* **WHAT YOU HAVE TO DO**
Which lines below hold the word "from"? Copy all of them.

* **THE DATA**
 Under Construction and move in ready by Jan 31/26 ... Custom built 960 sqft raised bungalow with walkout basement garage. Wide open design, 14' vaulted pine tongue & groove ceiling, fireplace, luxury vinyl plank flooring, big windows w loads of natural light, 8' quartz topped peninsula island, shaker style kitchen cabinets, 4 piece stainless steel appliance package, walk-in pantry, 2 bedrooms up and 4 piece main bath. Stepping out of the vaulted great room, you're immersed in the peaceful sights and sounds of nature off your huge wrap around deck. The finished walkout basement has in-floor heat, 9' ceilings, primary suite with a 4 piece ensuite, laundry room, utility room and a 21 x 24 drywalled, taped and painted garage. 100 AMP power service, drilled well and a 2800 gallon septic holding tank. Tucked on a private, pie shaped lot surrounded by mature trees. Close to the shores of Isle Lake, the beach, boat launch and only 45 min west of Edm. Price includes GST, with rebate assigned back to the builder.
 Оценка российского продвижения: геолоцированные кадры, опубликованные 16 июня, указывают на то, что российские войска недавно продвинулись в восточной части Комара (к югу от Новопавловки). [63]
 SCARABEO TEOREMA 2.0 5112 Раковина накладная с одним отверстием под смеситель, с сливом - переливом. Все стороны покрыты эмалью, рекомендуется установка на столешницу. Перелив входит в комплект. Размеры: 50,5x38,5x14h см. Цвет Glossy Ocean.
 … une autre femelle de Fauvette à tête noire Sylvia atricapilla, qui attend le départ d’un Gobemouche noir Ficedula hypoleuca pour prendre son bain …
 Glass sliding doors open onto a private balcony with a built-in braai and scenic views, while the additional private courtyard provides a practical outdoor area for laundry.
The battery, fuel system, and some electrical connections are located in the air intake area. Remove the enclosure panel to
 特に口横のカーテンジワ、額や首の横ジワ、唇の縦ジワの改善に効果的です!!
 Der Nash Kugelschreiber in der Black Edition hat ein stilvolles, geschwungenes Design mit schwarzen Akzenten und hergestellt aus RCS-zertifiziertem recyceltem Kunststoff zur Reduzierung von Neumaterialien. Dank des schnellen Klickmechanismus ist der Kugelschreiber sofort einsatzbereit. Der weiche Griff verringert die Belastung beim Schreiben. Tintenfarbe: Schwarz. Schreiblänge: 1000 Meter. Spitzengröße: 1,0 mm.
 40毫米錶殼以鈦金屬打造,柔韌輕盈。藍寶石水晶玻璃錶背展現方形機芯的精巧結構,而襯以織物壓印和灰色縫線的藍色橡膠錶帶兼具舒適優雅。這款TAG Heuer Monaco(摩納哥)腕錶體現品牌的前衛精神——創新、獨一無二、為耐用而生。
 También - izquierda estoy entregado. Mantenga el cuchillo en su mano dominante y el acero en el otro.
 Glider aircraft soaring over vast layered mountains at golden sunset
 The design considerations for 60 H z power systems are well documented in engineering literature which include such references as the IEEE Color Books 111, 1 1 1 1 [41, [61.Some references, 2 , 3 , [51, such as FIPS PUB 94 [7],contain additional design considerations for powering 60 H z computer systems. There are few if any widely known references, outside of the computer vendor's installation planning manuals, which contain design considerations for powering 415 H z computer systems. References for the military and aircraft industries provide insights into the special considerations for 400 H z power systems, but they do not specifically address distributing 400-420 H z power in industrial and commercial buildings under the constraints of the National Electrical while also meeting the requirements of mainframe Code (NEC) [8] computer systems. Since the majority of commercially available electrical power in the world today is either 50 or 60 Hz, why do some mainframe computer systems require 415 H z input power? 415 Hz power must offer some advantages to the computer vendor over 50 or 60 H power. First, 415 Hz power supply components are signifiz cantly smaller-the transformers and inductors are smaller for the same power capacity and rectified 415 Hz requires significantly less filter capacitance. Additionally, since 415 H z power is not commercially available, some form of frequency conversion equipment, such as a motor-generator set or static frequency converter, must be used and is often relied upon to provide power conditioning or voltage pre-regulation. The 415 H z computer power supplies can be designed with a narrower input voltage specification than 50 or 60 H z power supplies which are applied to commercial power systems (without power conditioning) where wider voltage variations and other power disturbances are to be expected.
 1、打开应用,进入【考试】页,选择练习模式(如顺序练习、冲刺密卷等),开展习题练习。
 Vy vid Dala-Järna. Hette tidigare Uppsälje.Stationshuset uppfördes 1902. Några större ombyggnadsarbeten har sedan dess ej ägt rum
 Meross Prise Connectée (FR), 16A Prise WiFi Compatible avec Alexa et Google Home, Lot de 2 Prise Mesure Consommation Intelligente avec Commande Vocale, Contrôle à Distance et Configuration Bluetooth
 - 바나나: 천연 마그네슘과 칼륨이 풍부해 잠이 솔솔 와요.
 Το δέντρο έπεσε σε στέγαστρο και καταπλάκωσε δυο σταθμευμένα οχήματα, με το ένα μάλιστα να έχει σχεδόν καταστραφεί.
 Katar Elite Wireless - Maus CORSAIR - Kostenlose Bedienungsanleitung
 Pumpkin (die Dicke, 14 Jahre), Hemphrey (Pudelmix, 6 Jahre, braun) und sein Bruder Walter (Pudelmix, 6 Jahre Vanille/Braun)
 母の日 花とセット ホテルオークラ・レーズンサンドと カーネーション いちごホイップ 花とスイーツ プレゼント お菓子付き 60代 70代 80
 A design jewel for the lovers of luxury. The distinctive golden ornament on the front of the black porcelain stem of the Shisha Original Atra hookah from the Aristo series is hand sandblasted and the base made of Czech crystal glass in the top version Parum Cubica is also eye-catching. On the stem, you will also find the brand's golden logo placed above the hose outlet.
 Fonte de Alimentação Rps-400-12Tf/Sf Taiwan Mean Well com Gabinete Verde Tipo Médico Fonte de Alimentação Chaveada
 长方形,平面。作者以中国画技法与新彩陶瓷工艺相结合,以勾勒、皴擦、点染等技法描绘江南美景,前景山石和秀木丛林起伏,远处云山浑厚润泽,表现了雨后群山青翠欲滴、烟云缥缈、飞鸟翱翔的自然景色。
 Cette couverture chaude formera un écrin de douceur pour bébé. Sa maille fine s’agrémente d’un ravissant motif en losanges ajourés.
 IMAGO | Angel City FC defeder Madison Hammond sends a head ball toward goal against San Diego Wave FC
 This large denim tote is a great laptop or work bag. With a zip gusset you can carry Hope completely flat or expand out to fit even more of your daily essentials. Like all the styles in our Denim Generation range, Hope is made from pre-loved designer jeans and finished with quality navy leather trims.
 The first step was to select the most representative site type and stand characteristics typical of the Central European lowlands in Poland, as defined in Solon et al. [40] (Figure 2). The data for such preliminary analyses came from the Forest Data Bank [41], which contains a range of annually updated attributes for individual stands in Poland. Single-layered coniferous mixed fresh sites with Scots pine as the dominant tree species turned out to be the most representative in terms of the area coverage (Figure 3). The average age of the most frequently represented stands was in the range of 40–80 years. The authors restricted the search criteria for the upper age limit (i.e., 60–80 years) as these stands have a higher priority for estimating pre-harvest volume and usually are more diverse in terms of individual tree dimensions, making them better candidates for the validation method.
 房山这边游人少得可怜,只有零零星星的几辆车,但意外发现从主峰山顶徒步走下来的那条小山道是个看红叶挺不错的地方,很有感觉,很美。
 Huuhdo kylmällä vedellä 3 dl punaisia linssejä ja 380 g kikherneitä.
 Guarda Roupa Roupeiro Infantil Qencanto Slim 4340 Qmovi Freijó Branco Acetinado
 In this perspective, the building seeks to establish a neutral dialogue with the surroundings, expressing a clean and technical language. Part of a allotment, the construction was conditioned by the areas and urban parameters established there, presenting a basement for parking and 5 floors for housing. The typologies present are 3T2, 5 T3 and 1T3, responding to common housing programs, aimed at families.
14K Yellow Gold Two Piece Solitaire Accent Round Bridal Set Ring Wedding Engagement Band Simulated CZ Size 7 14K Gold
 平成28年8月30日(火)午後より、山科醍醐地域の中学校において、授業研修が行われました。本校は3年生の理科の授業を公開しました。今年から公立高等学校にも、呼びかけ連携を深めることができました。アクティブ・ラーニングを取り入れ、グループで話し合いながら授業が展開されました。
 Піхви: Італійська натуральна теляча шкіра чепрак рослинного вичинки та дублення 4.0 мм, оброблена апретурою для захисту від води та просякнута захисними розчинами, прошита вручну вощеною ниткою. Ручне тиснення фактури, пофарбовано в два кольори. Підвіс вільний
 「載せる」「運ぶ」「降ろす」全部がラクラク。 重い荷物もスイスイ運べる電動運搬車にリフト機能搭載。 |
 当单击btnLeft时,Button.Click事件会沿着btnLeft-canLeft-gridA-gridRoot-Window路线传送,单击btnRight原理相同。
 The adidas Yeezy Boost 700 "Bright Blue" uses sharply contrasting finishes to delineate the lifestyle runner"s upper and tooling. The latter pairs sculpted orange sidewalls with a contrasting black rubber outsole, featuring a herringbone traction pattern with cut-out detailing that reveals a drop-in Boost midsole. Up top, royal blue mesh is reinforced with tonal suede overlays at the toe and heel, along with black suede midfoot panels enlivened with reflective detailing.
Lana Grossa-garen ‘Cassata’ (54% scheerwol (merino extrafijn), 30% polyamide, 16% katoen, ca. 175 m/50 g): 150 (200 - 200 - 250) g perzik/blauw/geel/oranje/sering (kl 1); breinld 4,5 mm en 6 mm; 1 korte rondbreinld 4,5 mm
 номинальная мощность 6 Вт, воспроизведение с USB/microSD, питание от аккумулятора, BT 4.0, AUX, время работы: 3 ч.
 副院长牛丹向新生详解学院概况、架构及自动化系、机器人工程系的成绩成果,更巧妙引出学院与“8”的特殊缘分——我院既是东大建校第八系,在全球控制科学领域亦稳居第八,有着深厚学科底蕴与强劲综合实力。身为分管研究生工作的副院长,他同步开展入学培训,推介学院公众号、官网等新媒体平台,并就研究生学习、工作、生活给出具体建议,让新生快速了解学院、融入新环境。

* **SOLUTION TO THE EXERCISE**
 A design jewel for the lovers of luxury. The distinctive golden ornament on the front of the black porcelain stem of the Shisha Original Atra hookah from the Aristo series is hand sandblasted and the base made of Czech crystal glass in the top version Parum Cubica is also eye-catching. On the stem, you will also find the brand's golden logo placed above the hose outlet.
 This large denim tote is a great laptop or work bag. With a zip gusset you can carry Hope completely flat or expand out to fit even more of your daily essentials. Like all the styles in our Denim Generation range, Hope is made from pre-loved designer jeans and finished with quality navy leather trims.
 The first step was to select the most representative site type and stand characteristics typical of the Central European lowlands in Poland, as defined in Solon et al. [40] (Figure 2). The data for such preliminary analyses came from the Forest Data Bank [41], which contains a range of annually updated attributes for individual stands in Poland. Single-layered coniferous mixed fresh sites with Scots pine as the dominant tree species turned out to be the most representative in terms of the area coverage (Figure 3). The average age of the most frequently represented stands was in the range of 40–80 years. The authors restricted the search criteria for the upper age limit (i.e., 60–80 years) as these stands have a higher priority for estimating pre-harvest volume and usually are more diverse in terms of individual tree dimensions, making them better candidates for the validation method.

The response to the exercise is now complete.